Asana could spend $5 million or more on OpenAI technology next year, Moskowitz said, adding that he was “very impressed with GPT-3,” the company’s previous major language model, “and even more impressed with GPT-4 “, which was announced in March.
Moskowitz took six minutes out of Asana’s 51-minute earnings call in early June to tout the company’s approach to AI. He used the acronym 41 times, compared to 32 references to AI Microsoft CEO Satya Nadella during his company’s April earnings call. Microsoft is OpenAI’s lead investor.
Asana is “just personally deeply connected to the AI labs that are leading the way,” Moskowitz said.
The connections are actually quite deep. Altman invested in Asana in 2016. During Asana’s earnings call, Moskowitz reminded analysts that his company and OpenAI “share a board member in Adam D’Angelo,” a former Facebook technology chief who later launched online question-and-answer startup Quora.
One of OpenAI’s first board members was Holden Karnofsky, co-CEO of Open Philanthropy. Kanofsky later co-founded AI startup Anthropic with his wife, Daniela Amodei. Moskowitz invested in Anthropic in 2021, the same year he co-invested with Altman in the fusion startup Helion.
Like Altman, Moskowitz is highly optimistic about AI and worries about the damage it can cause.
Moskowitz was one of many entrepreneurs who signed a statement in May that said “reducing the risk of extinction from AI must be a global priority alongside other societal risks such as pandemics and nuclear war.” The letter came from the nonprofit Center for AI Safety.

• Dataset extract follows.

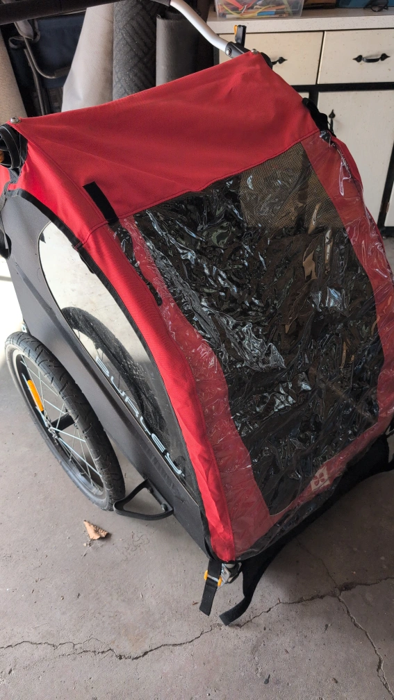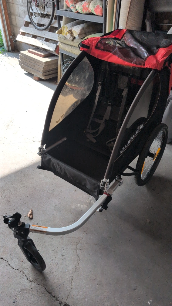 Selling a Burley child carrier bike trailer in red and black! It's in great condition - barely used and ready for some family adventures. Perfect for taking your little ones along for a bike ride or can be used as a lightweight, roomy stroller.

But Moskowitz was not among the signatories of the nonprofit Future of Life Institute’s open letter in March, which called on AI labs to pause training the most complex AI models for six months or more. Near the top of that list of signees was Tesla CEO Elon Musk, an early supporter of OpenAI, has warned that we should be very concerned about advanced AI, calling it “a greater risk to society than cars, airplanes or medicine.”
Moskowitz said Musk’s fears are not entirely exaggerated and that they both want to “get this technology out into the world in a safe way.”

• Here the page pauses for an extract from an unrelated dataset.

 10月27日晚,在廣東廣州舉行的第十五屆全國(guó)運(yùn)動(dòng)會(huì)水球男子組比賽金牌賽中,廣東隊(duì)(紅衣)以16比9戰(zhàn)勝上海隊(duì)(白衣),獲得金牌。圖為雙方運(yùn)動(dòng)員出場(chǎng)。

“Elon is looking at it from different angles,” he said. “I think we kind of share a view on the potential issues of existential risk, and maybe we don’t share a view so much on AI censorship and wokism and things like that.”
In December, Musk tweeted that “the danger of training an AI to be awakened – in other words, a lie – is deadly”.
Moskowitz helped draft a 12-point list of possible policy changes for US lawmakers to consider.
“The thing I’m most interested in is making sure that the state-of-the-art later generations, like GPT-5, GPT-6, go through safety evaluations before they go out into the world,” he said. “I think it will require regulation to coordinate all the players.”
He even coined a word in a tweet last month to express his complex views.
“Excito-nervous about AI!” he wrote.